Recovery efforts ongoing
Maui is the second-largest island in Hawaii by area and the third most populous, with over 164,000 residents, according to 2022 U.S. Census Bureau estimates. The western Maui town of Lahaina, with fewer than 13,000 residents, was a major victim of the fire, with entire blocks burned to the ground. The town served as the capital of the Hawaiian monarchy for 25 years in the 19th century before the capital moved to Honolulu. In addition to its importance for indigenous Hawaiians, the western town also hosted whalers and religious missionaries.
Be-Jay Kodama, vice president of philanthropy for Catholic Charities Hawai’i, told CNA via email on Tuesday that CCH is actively working with other organizations to “assess the critical needs of individuals affected by the wildfires.”
“This includes finding temporary housing, financial assistance, everyday essential needs, help in rebuilding homes and counseling,” Kodama said.
“We are also working with our diocesan partners in Hawaii and Catholic Charities USA’s national network of partners to secure funding, monetary donations, and other resources to aid those impacted.”
Speaking to CNA last week, Robert Van Tassell, president and CEO of Catholic Charities Hawai’i, said the effect of the disastrous fire on the Hawaiian community is “very dramatic.” Though his 300-employee agency is spread across multiple islands, not one employee is unaffected by the fires on Maui.
“All of them have family there,” he said. “Everybody in Hawaii is related. Everybody calls everyone auntie, cousin, uncle, friend, family. It’s a very connected, very family-oriented community.”
Van Tassell emphasized the need for cash donations and referred to the donation form for Maui relief at the Catholic Charities website, www.CatholicCharitiesHawaii.org.

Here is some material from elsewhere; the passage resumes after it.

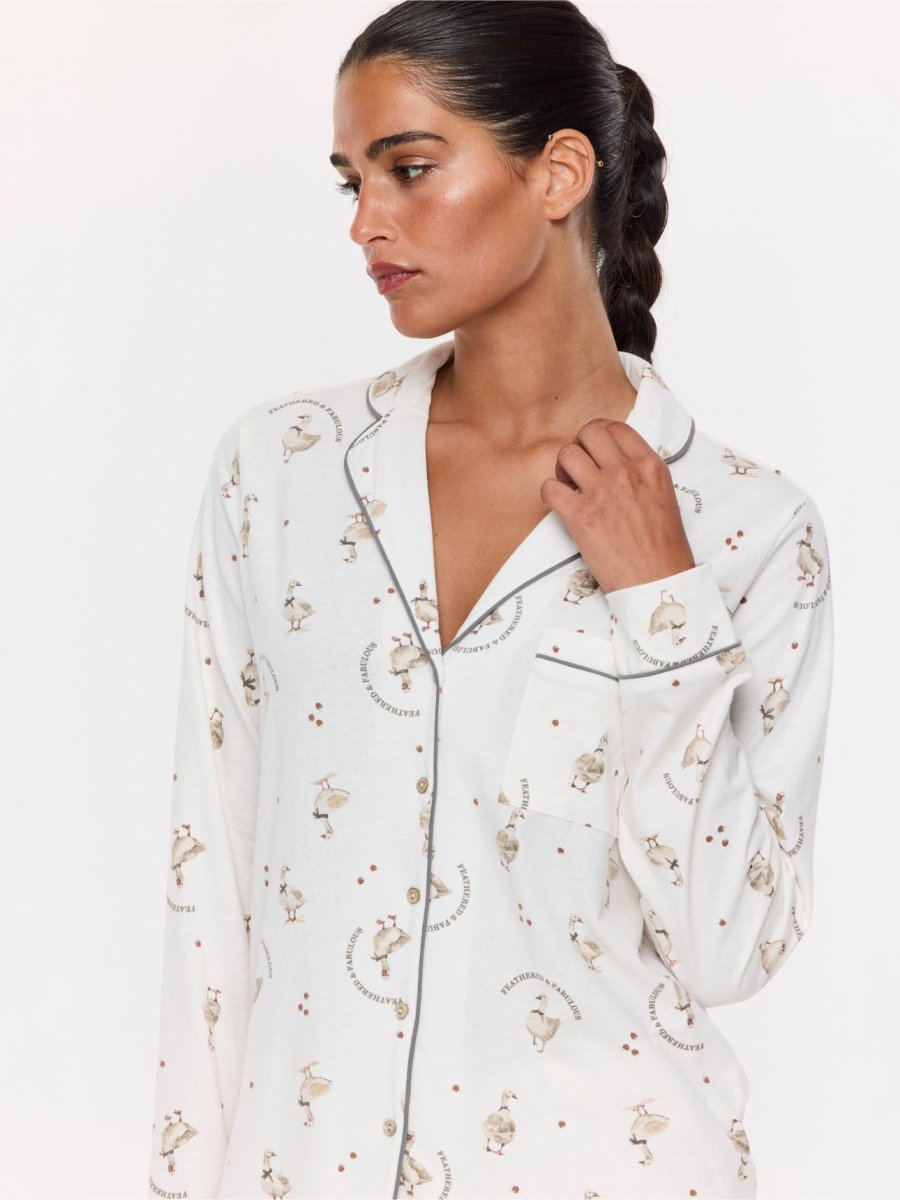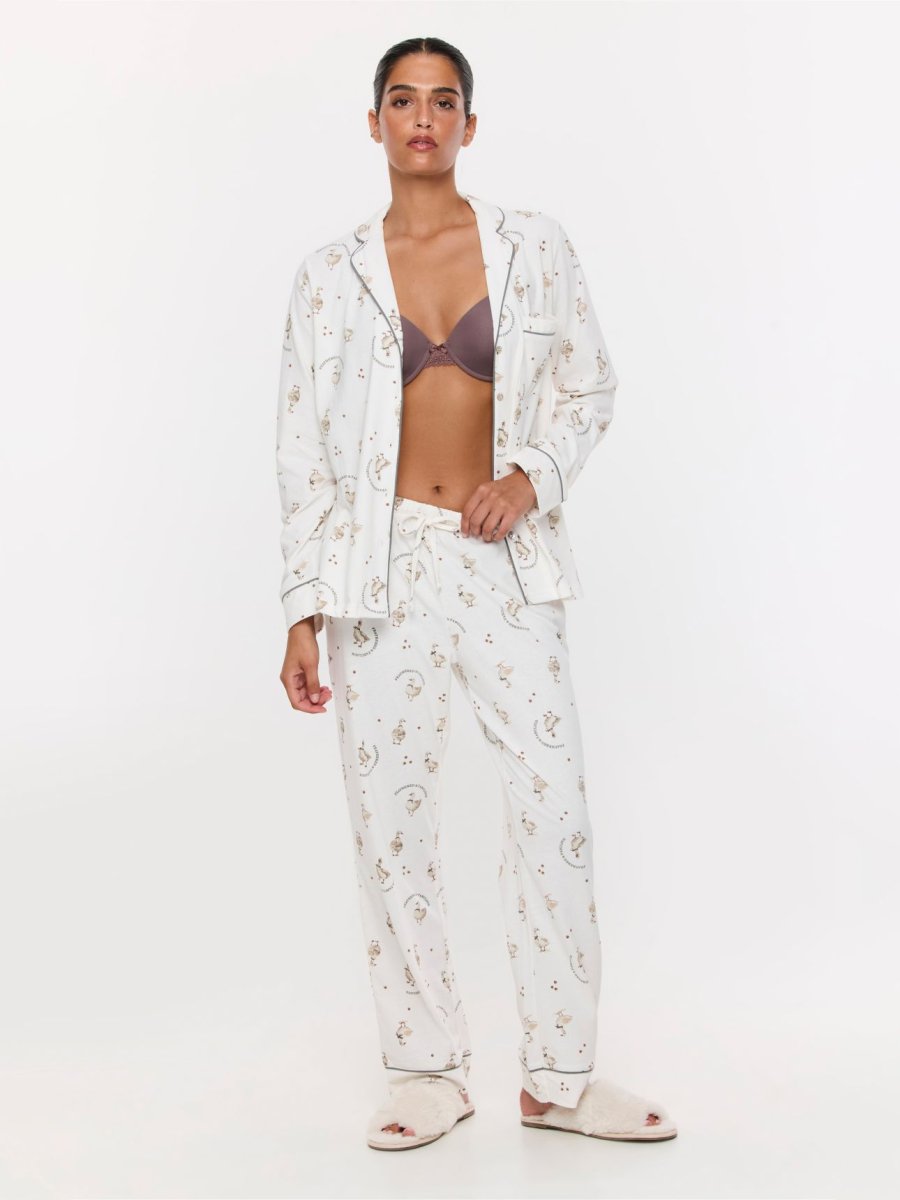 סט פיג’מה מודפסת מכותנה

Honolulu Bishop Larry Silva visited the town of Lahaina on Tuesday to celebrate Mass and meet survivors of the wildfires that he said “shockingly devastated” the town. Silva celebrated Mass at Kapalua, Maui, on Sunday for about 200 Catholics gathered there.
Silva said he heard numerous stories from parishioners “who lost one or more of their loved ones or neighbors, whose houses burned down, or who lost their livelihood.” He urged visitors to the diocesan website to donate to the Hawaii Catholic Community Foundation to “support the relief efforts for our fellow community members affected by the Maui wildfires.”